La première énigme est facile et vous donne directement le code d'accès de la porte suivante.
Malheureusement, le niveau de difficulté du jeu s'engage tout de suite après sur une pente super raide...

Il faut être honnête, le jeu n'est pas foncièrement mal foutu : pour du petit budget c'est pas trop vilain, les puzzles sont variés, le plan de la maison vous évite de tourner en rond en cherchant désespérément coffre suivant puisqu'il indique les emplacements des mécanismes que vous n'avez pas encore débloqués... Le tout premier coffre redonnera même un peu d'espoir aux cerveaux paresseux comme le mien, puisqu'il n'est vraiment pas dur à "craquer". On se dit alors que, si la difficulté augmente progressivement, on va peut-être réussir à s'amuser quand même et qu'on sera content d'avoir ainsi mis ses neurones à l'épreuve...

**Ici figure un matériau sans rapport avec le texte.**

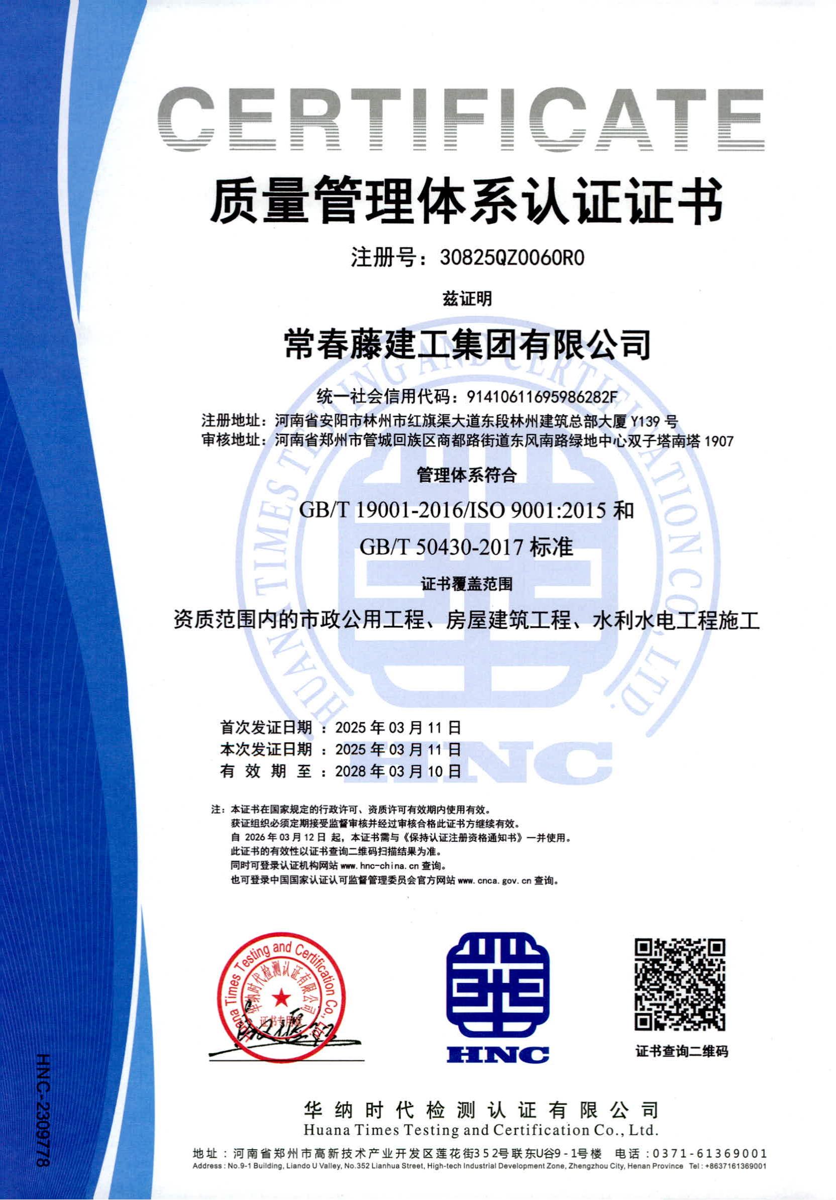 三体系认证证书
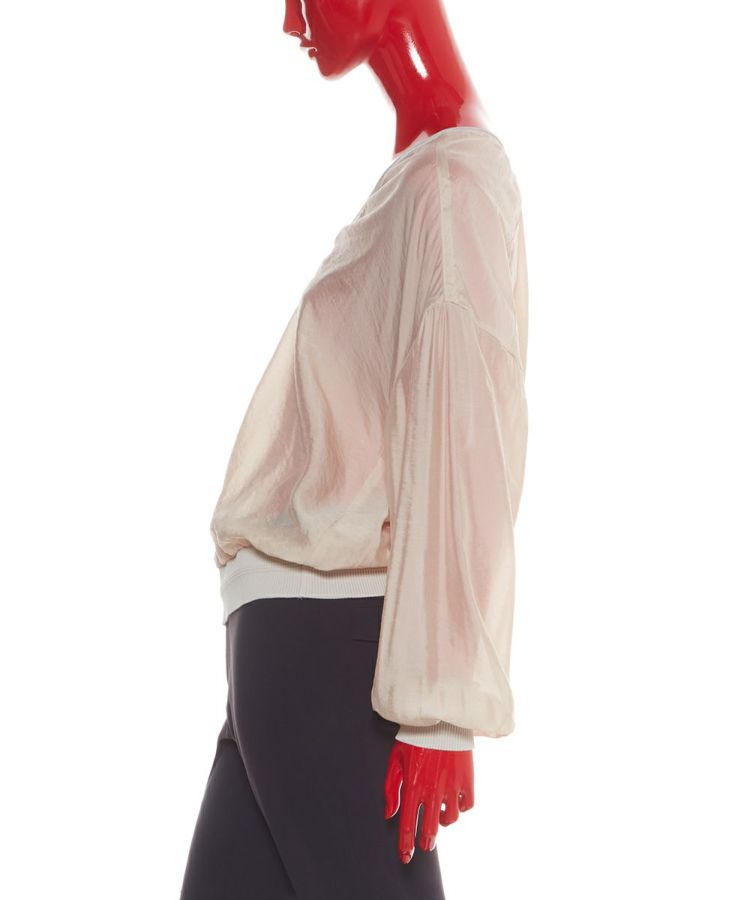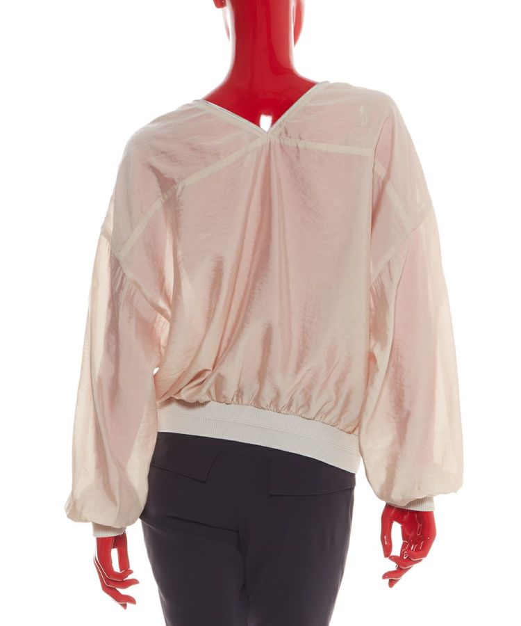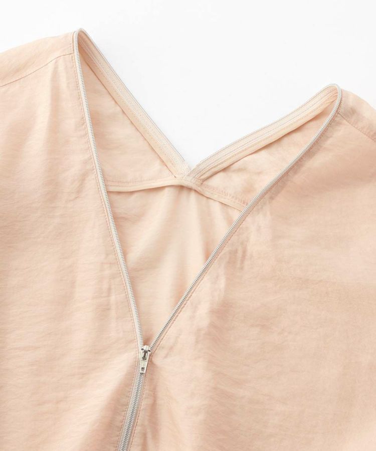 光を受ける角度でニュアンスのある表情を見せる、ルミナスオーガンジー素材のジャケット。ほどよくインナーが透け、抜け感を演出。ふんわりとボリュームのある長袖デザインも、軽く涼やかに映します。前後にV字を描くネックラインが、着こなしをすっきりと見せるポイント。袖口や裾のリブがシルエットをほどよく引き締めます。
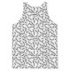 This tank is silky feeling and comfortable. The ants are a little bigger than I thought they would be but the design is very eye catching. People always ask where I got this. The sizing is unisex so it does run a little on the large size. I love this tank! The printing is crisp and clear. The color is uniform throughout.
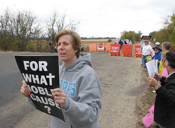 The idea for the protest started when Cindy Sheehan set up Camp Casey near George Bush's ranch in Crawford, Texas, after the death of her son in the war. Local activists wanted to set up a version of Camp Casey in Sonoma County, but couldn't find a location before Sheehan became old news. So they decided to hold the protest on the three-year anniversary instead.
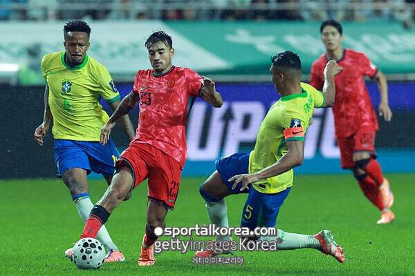 홍명보 감독이 이끄는 대한민국은 10일(한국시간) 서울월드컵경기장에서 열린 브라질과의 친선경기에서 0-5로 완패했다. 에스테반 윌리앙(첼시 FC)과 호드리구(레알 마드리드 CF)가 나란히 멀티골을 기록했고, 비니시우스 주니오르(레알)도 1골 1도움으로 공격을 이끌었다.
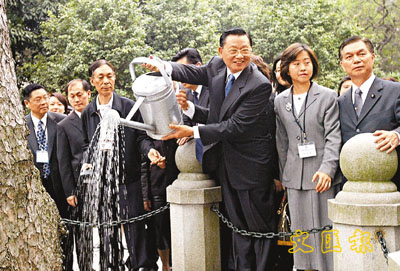 江丙坤為孫中山先生手植的松樹澆水。 (法新社)
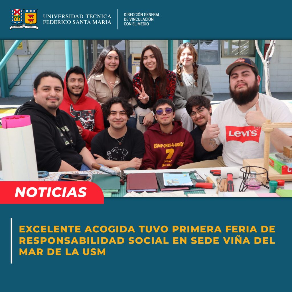 Con una importante participación de la comunidad universitaria, se llevó a cabo la primera Feria de Responsabilidad Social, realizada en el patio central de la sede Viña del Mar de la USM. La actividad, organizada por la Dirección de Relaciones Estudiantiles, reunió a las agrupaciones estudiantiles Ecosansano JMC, CEMPerrunos -dedicada al cuidado y tenencia responsable de mascotas- FabLab, Taller de Encuadernación y Proyecto Bela, además de los monitores de Punto de Encuentro, quienes promovieron la gestión del riesgo en el consumo de sustancias y la prevención de VIH/SIDA, a través de los programas Consciente y Alerta. Igualmente, se hicieron presentes las carreras que resultaron ganadoras de fondos de Responsabilidad Social Universitaria (RSU) de la Dirección de Vinculación con el Medio.
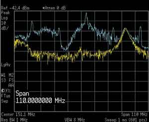 幸運的是,測量技術的發展已經可以滿足這些需求。上面介紹了如何使用實時頻譜分析儀發現瞬態信號和EMI隱患。在下面的實例中,單個的瞬態信號會產生一串瞬態信號,這些信號每次只持續很短的時間。在本例中,該設備是一種嵌入式系統,在把數據緩存到硬盤時導致了瞬態EMI.在使用掃頻分析儀的峰值檢波器簡單檢查后(黃色軌跡,如圖6所示),似乎只有一個連續信號;把儀器保持Max-hold幾分鐘,同時循環DUT工作模式,會指明問題(藍色軌跡)。但在峰值檢波模式下進行快速掃描會得到黃色軌跡,沒有檢測到問題。
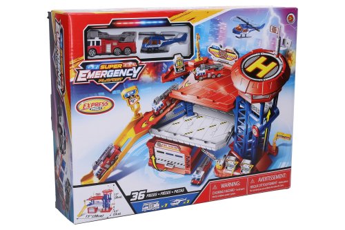 Hasičská stanice garáž. Velikost 38cm. Obsahuje hasičské auto vrtulník., výtah, nájezdy, garáž s vyklápěcími vraty nálepky, obrázkový návod na složení stanice. Garáž má 2 podlaží.
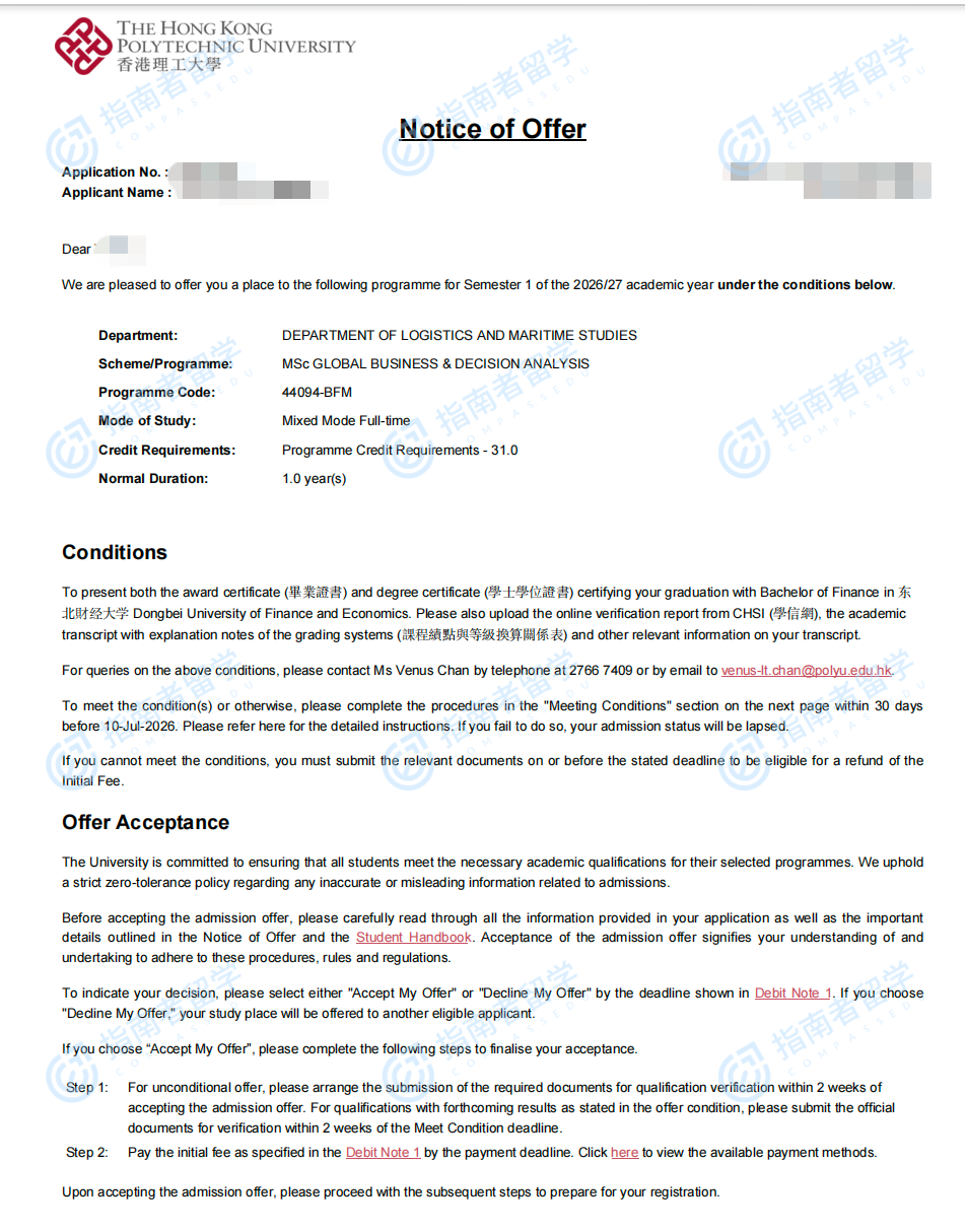 香港理工大学环球商业与决策分析理学硕士研究生offer一枚

Une bien bonne idée que ce plan qui indique par des croix tous les mécanismes présents dans la villa,
avec en vert les puzzles déjà résolus. Ca évite de cliquer partout à l'aveuglette pour trouver quoi faire.

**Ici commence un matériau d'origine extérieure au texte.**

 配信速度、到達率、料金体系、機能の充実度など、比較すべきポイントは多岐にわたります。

Sauf que très vite, on se retrouve face à des coffres bien relous, et l'on regrette vraiment de ne pas pouvoir employer des méthodes de cambriolage un peu moins subtiles à base de pied-de-biche et de dynamite. Ou au moins, que la "courbe d'apprentissage", comme on dit, ne suive pas une pente un peu plus douce. Ou encore, qu'effectuer les manipulations nécessaires au débloquage d'un coffre dont on vient de trouver la solution ne soit pas un peu plus amusant. Car même quand la solution n'est pas très compliquée à comprendre, sa mise en application se révèle souvent très fastidieuse, comme avec cette espèce de jeu de taquin où il faut reconstituer le symbole du dollar en déplaçant les carreaux 4 par 4. Aaaah le taquin quel beau jeu de casse-couilles, j'espère que son inventeur a crevé d'une mort lente, douloureuse et honteuse. Par exemple, en jouant au taquin. Non parce qu'une fois qu'on a compris que l'image à reconstituer était le logo planqué dans un coin de l'écran d'inventaire et d'options, on voudrait juste pouvoir passer à la suite sans avoir à faire les ouatmille rotations de carreaux qui reconstituent l'image. Enfin, sauf quand on aime le taquin, je suppose...

Oh c'est bête, il n'y a plus que 3 pièces mal placées, et pourtant
je sens qu'il va me falloir 462 manipulations supplémentaires pour finir ce putain de puzzle.

Tester un jeu appartenant à un genre que je n'aime pas n'était sans doute pas une bonne idée, je suppose, et j'imagine que pour le fan hardcore de casse-tête qui a déjà épuisé tous les Myst, Zork et RHEM, et a absolument besoin de continuer
à décrypter l'alphabet phénicien en observant dans un miroir le calendrier aztèque pour comprendre dans quel ordre tirer des chevillettes qui feront choir des bobinettes, pour 5 € Safecracker est un produit honnête. Malheureusement, pour le simple amateur de jeu d'aventure, la quasi-absence de scénario n'aide pas à accrocher et on se lassera vite de peiner autant face à ces coffres-forts.